__WHAT TO PRODUCE__:
All pictures are to be excluded when the data below is output verbatim.

__RECORDED DATA__:
■ ■ ■ ■ ■ ■ ■

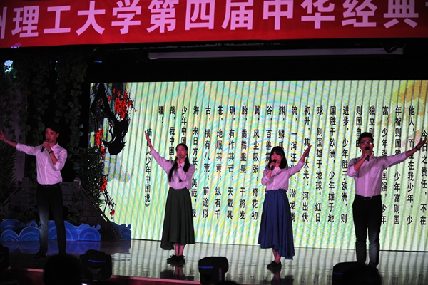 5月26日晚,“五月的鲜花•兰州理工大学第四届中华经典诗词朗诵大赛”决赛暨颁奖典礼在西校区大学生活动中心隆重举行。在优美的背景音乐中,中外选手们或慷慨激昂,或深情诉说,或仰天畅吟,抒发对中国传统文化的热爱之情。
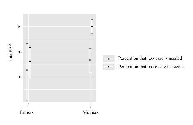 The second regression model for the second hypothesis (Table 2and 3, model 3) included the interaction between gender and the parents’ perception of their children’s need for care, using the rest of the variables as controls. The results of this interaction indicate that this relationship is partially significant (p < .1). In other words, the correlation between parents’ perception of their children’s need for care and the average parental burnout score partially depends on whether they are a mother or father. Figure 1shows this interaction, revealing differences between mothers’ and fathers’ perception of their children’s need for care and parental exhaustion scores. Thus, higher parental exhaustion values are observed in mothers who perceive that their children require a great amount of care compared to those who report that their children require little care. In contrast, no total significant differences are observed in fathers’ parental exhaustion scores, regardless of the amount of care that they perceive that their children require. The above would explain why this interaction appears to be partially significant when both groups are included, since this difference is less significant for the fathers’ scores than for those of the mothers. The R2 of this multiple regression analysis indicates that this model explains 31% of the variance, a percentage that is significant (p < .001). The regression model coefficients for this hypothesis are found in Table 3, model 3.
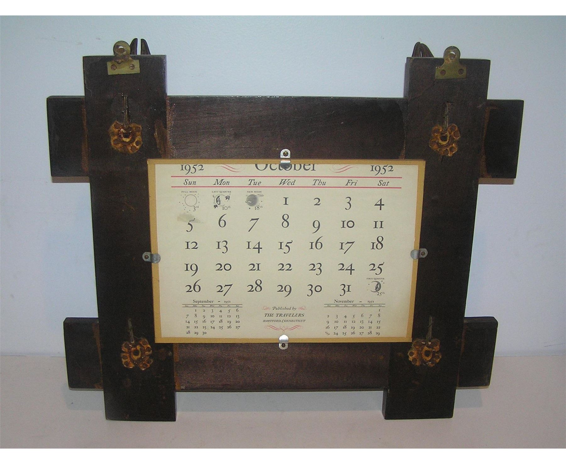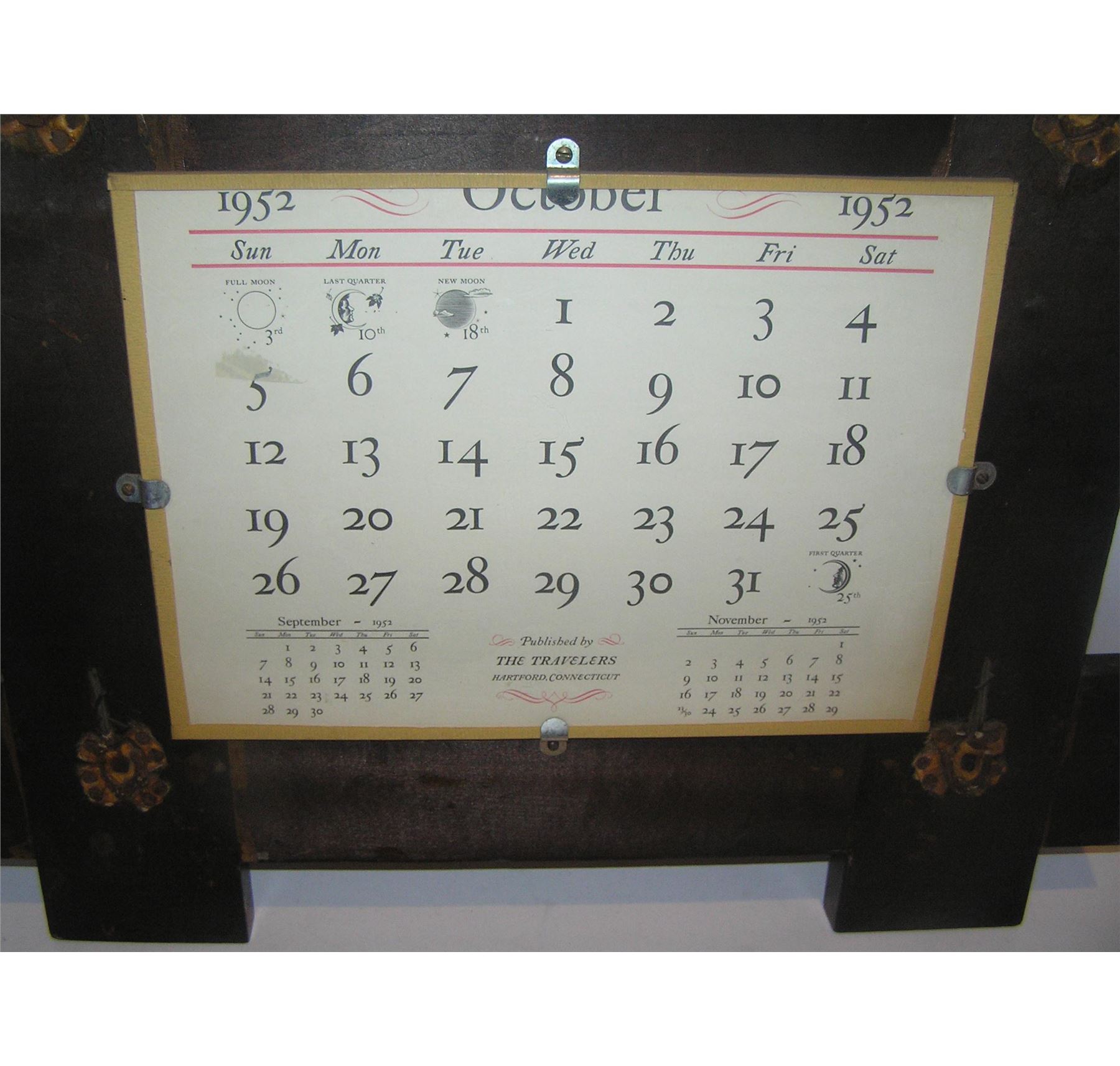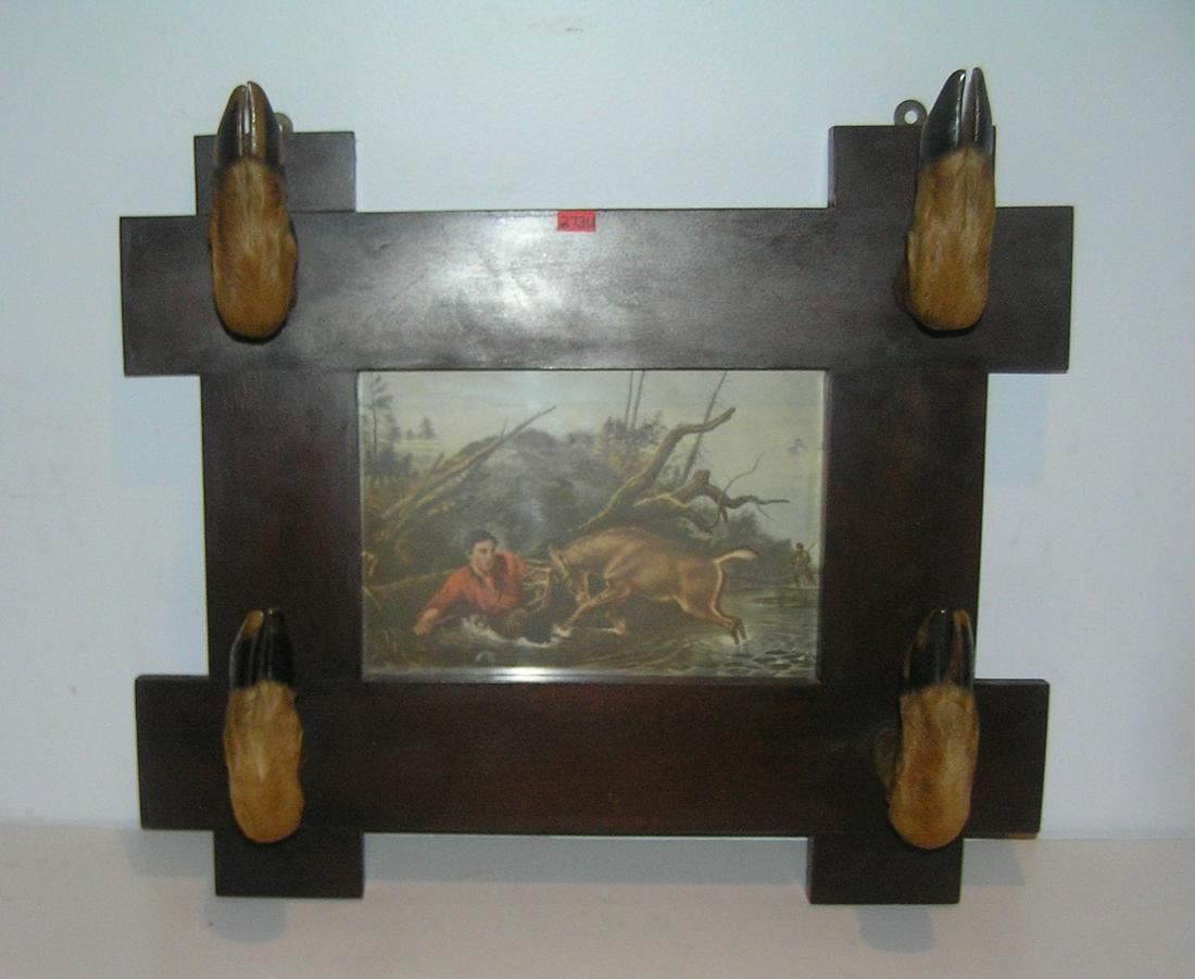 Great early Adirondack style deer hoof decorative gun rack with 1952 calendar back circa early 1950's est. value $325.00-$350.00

■ ■ ■ ■ ■ ■ ■

__EXPECTED ANSWER__:
 5月26日晚,“五月的鲜花•兰州理工大学第四届中华经典诗词朗诵大赛”决赛暨颁奖典礼在西校区大学生活动中心隆重举行。在优美的背景音乐中,中外选手们或慷慨激昂,或深情诉说,或仰天畅吟,抒发对中国传统文化的热爱之情。
 The second regression model for the second hypothesis (Table 2and 3, model 3) included the interaction between gender and the parents’ perception of their children’s need for care, using the rest of the variables as controls. The results of this interaction indicate that this relationship is partially significant (p < .1). In other words, the correlation between parents’ perception of their children’s need for care and the average parental burnout score partially depends on whether they are a mother or father. Figure 1shows this interaction, revealing differences between mothers’ and fathers’ perception of their children’s need for care and parental exhaustion scores. Thus, higher parental exhaustion values are observed in mothers who perceive that their children require a great amount of care compared to those who report that their children require little care. In contrast, no total significant differences are observed in fathers’ parental exhaustion scores, regardless of the amount of care that they perceive that their children require. The above would explain why this interaction appears to be partially significant when both groups are included, since this difference is less significant for the fathers’ scores than for those of the mothers. The R2 of this multiple regression analysis indicates that this model explains 31% of the variance, a percentage that is significant (p < .001). The regression model coefficients for this hypothesis are found in Table 3, model 3.
 Great early Adirondack style deer hoof decorative gun rack with 1952 calendar back circa early 1950's est. value $325.00-$350.00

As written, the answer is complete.